It is interesting to reflect on the difference between the 2003 Gulf War and the current Iran war on the impact of oil flow through the Strait of Hormuz and the potential impact on share markets.

The Strait of Hormuz has long been one of the most important chokepoints in the global energy system. Sitting between the Persian Gulf and the Gulf of Oman, it acts as the narrow maritime gateway for oil exports from the Middle East to the rest of the world. For decades, the flow of oil through this passage has shaped global energy prices and influenced the behaviour of financial markets, particularly in Asia and the West. The way those markets react today is very different from how they responded in the early 2003.

Western economies were far more sensitive to disruptions in Middle Eastern oil exports. In 2003, around 14M barrels of oil per day passed through the Strait of Hormuz. This was 40% of the World’s oil demand. Most of this went to the US and Europe.

Western share markets tend to respond sharply to large increases in oil price prices. Higher oil prices translate into rising costs for transport, manufacturing, and consumer goods. Companies in sectors such as airlines, logistics, and heavy industry were particularly exposed in 2003. Equity markets often fell when geopolitical tensions threatened the Strait of Hormuz because investors expected higher energy costs to slow economic growth and compress corporate margins.

Asian markets in 2003 were affected as well, but the scale of their dependence on Middle Eastern oil was not as high as it is today. China’s economy was growing rapidly, but had not yet become the world’s largest importer of crude. India’s energy demand was expanding, but remained smaller relative to developed economies. Japan and South Korea relied heavily on Middle Eastern oil, yet their overall share of global demand was smaller compared with Asia’s position two decades later.

Over the past twenty years the geography of global oil demand has changed dramatically. In 2025 only around 20% of the world’s oil consumption passed through the Strait of Hormuz, around 20M barrels per day. Of this 85% went to Asia, with China, India, Japan, and South Korea accounting for the majority of this demand. Asian share markets are now far more exposed to disruptions in Gulf oil exports than they were in the early 2003.  If tensions in the region threaten tanker traffic or push crude prices sharply higher, the impact on Asian corporate costs and economic growth expectations can be immediate.

This does not mean that Western markets are immune to disruptions.
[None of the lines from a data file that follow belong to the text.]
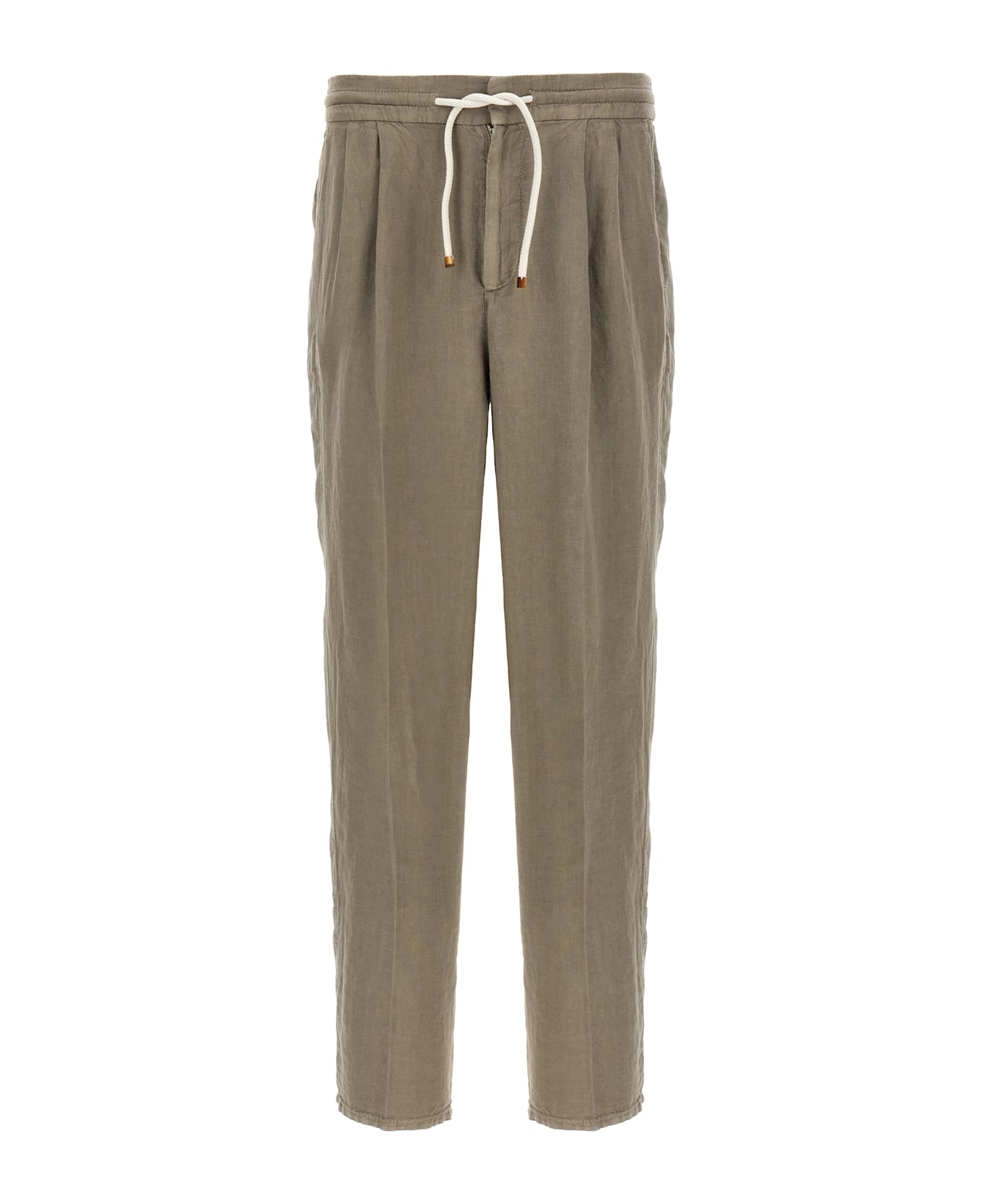 Garment-dyed linen pants, pinces, straight leg with stretched crease, hook and button zip closure, adjustable drawstring elastic at the waist, pockets. Composition: 100% linen
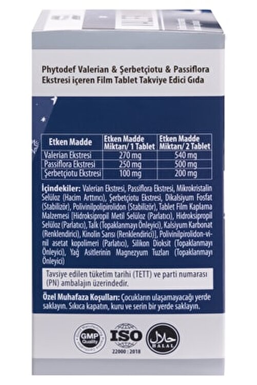 Supplementing food is recommended to use 1-2 tablets per day. Do not exceed the recommended daily serving. Supplementing foods are not a substitute for normal nutrition. Usage Group: Suitable for use 11 years and older. It’s not medicine. It is not used for the purpose of preventing or treating diseases. Consult your doctor during pregnancy and lactation, as well as in cases of illness or use of medications. Country of Origin: Turkey (The country of origin of the main ingredient of the food is different from the country of origin of the food.) There are 270 mg Valerian Extract, 250 mg Passiflora Extract and 100 mg of Hops Extract active ingredients. Contents: Valerian Extract, Passiflora Extract, Microcrystalline Cellulose (Bulking Enhancer), Hops Extract, Dicalcium Phosphate (Stabilizer) Polyvinylpolypyrrolidone (Stabilizer) Tablet Film Coating Material, Hydroxypropyl Methyl Cellulose (Brightener), Hydroxypropyl Cellulose Shine (Brightener), Talc (Anti-Clumping), Calcium Carbonate (Coloring), Quinoline Yellow (Colorant), Polyvinylpyrrolidone-vinyl acetate copolymer (Brightener), Silicon Dioxide (Anti-Clumping), Magnesium Salts of Fatty Acids (Anti-Clumping)
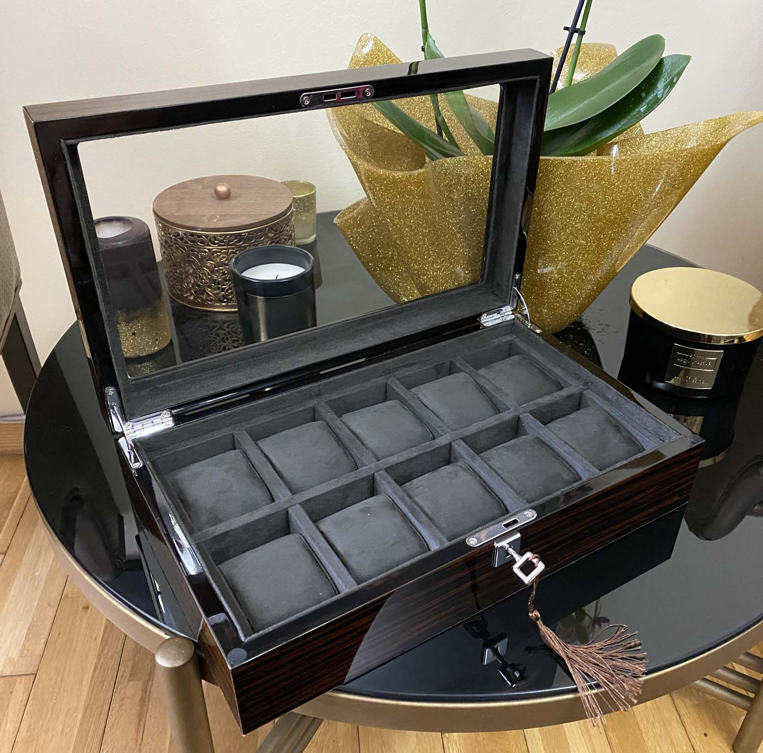 Cutia 10 ceasuri din lemn lacuit pentru cei mai pretentiosi domni.

Oil remains a globally traded commodity, and price spikes caused by geopolitical tensions can ripple through all economies. Higher crude prices can raise transportation costs, increase inflation, and influence central bank policy in both Europe and North America.

Another important difference between 2003 and today is the scale of financial market integration. Two decades ago, emerging Asian markets were less deeply connected to global capital flows. Today they represent a much larger share of global equity indices and attract substantial international investment. Because of this, shocks affecting Asian energy security can now transmit quickly into global equity sentiment. A disruption in oil flows through the Strait of Hormuz could therefore have a larger effect on Asian equity indices, which in turn can influence investor behaviour in Western markets.